Who knew that James Joyce’s daughter and Zelda Fitzgerald were trying their hands at dance or that a single ballet such as Le Train Bleu could bring together the choreography, music, dance, writing, fashion, and visual art talents of Nijinsky, Milhaud, Diaghilev, Cocteau, Coco Chanel, and Picasso (respectively)? I certainly didn’t. (I feel a bit like I would upon discovering that two of my best friends already knew each other…)

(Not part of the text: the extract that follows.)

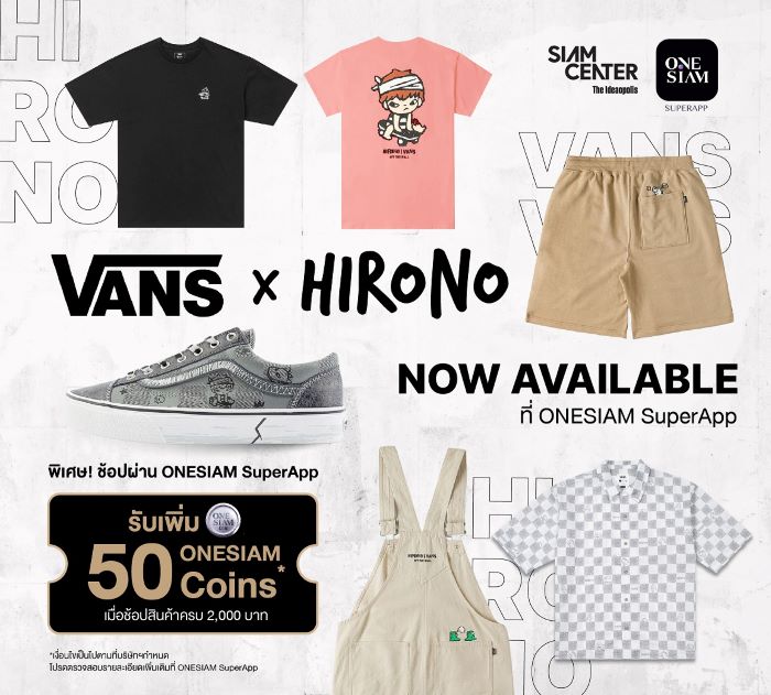 คอลเลคชั่น Vans X Hirono วางจำหน่ายในวันศุกร์ที่ 5 กรกฎาคมนี้ ที่ Vans Flagship Store ชั้น G สยามเซ็นเตอร์ และพิเศษเมื่อช้อปผ่าน ONESIAM SuperApp รับเพิ่ม 50 ONESIAM Coins เมื่อช้อปสินค้าครบ 2,000 บาท
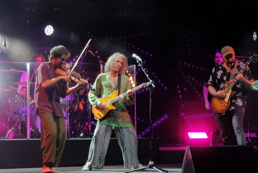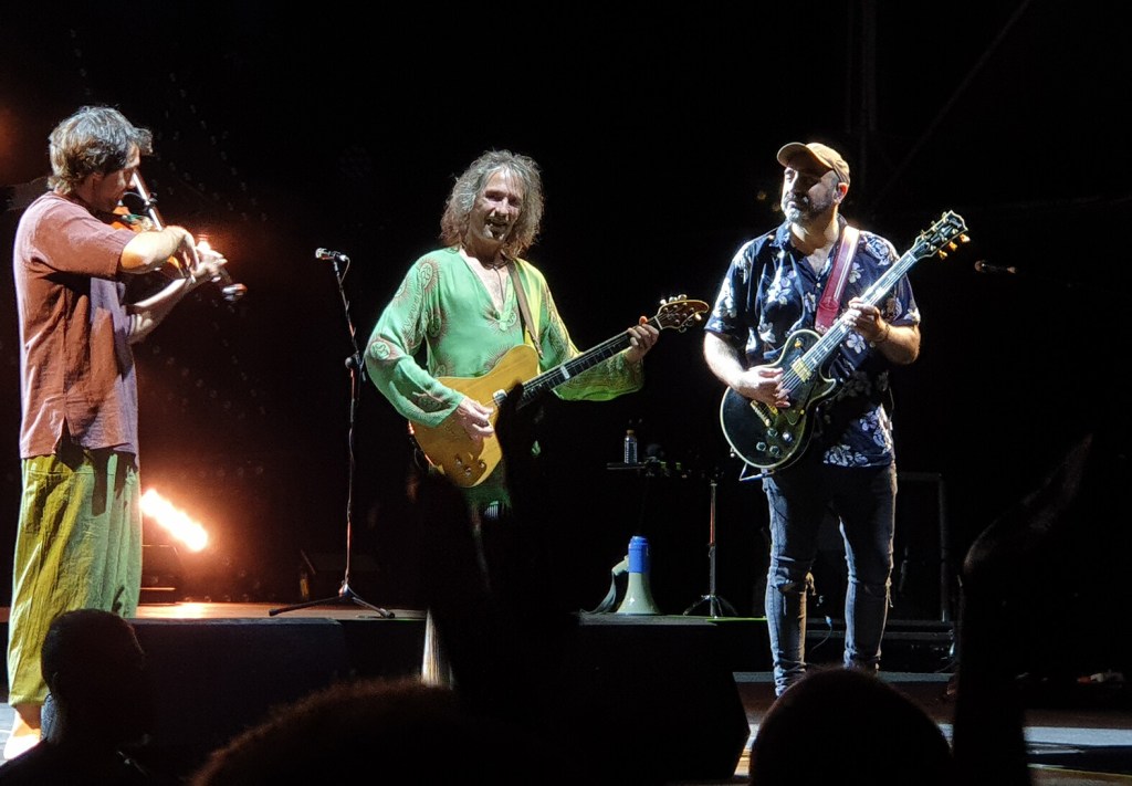 Insisto en repetir que ‘Si Te Vas’ ofrece en esta gira la mejor de sus versiones. La balada canónica de los directos de Extremoduro se hizo más poética con los arreglos de otros instrumentos en la pasada gira de Robe pero es ahora, a la tercera, cuando la canción parece haber encontrado su naturaleza equilibrada gracias a ese diálogo de guitarra y saxo de Woody con Lerman. Con la entrada ‘castiza’ habitual, que presagia más a ‘De Manera Urgente’, afrontaron ‘El Cielo Cambió De Forma’, un tema al que es imposible no acabar rendido cuando el mensaje te da de pleno. Sin llegar a la explosividad furibunda de ‘Poema Sobrecogido’ y ‘De Manera Urgente’, ‘El Cielo Cambió de Forma’ se mueve en esos terrenos, con colores cálidos, pero no agresivos. La derivación aflamencada a la que Robe nunca ha renegado (Lole y Manuel, de nuevo) se muestra ligeramente en un latin-jazz (Bebo) que hermana con las dos mencionadas en su break con violín y las voces de Lorenzo dando el fuego. Es una actitud arrebatada y pasional con ese punto entre la sensualidad y la locura, con cierto halo de teatralidad.

What I’m realizing after these last four days of research is just how interconnected the arts scene of 1920s Paris was—with everything influencing everything else. It was an atmosphere of radical change and new excitement but not without fear of completely losing the old. Lynn Garafola, in her book Diaghilev’s Ballets Russes, writes of the complicated attitudes: “In an age where birth counted for little and wealth had squandered its claim to leadership through public displays of hedonism, art alone seems to justify the continued existence of older forms of social privilege” (360). Did the so-called Lost Generation turn to artists as the new elite, or did they believe they were abolishing the elite altogether? Did the mixing of race, class, and nationality within the arts blur pre-existing dichotomies or create new ones?
Possibly 1920s Paris doesn’t lend itself easily to yes or no questions, nor do I feel confident categorizing the era with anything more than the words dynamic and fluid. As I continue my research, I want to keep examining these questions, never forgetting to take into account that all of this was happening temporally and in a specific place. Paris itself, with its history, traditions, and post-war rawness, may be one of the largest forces swaying the scene.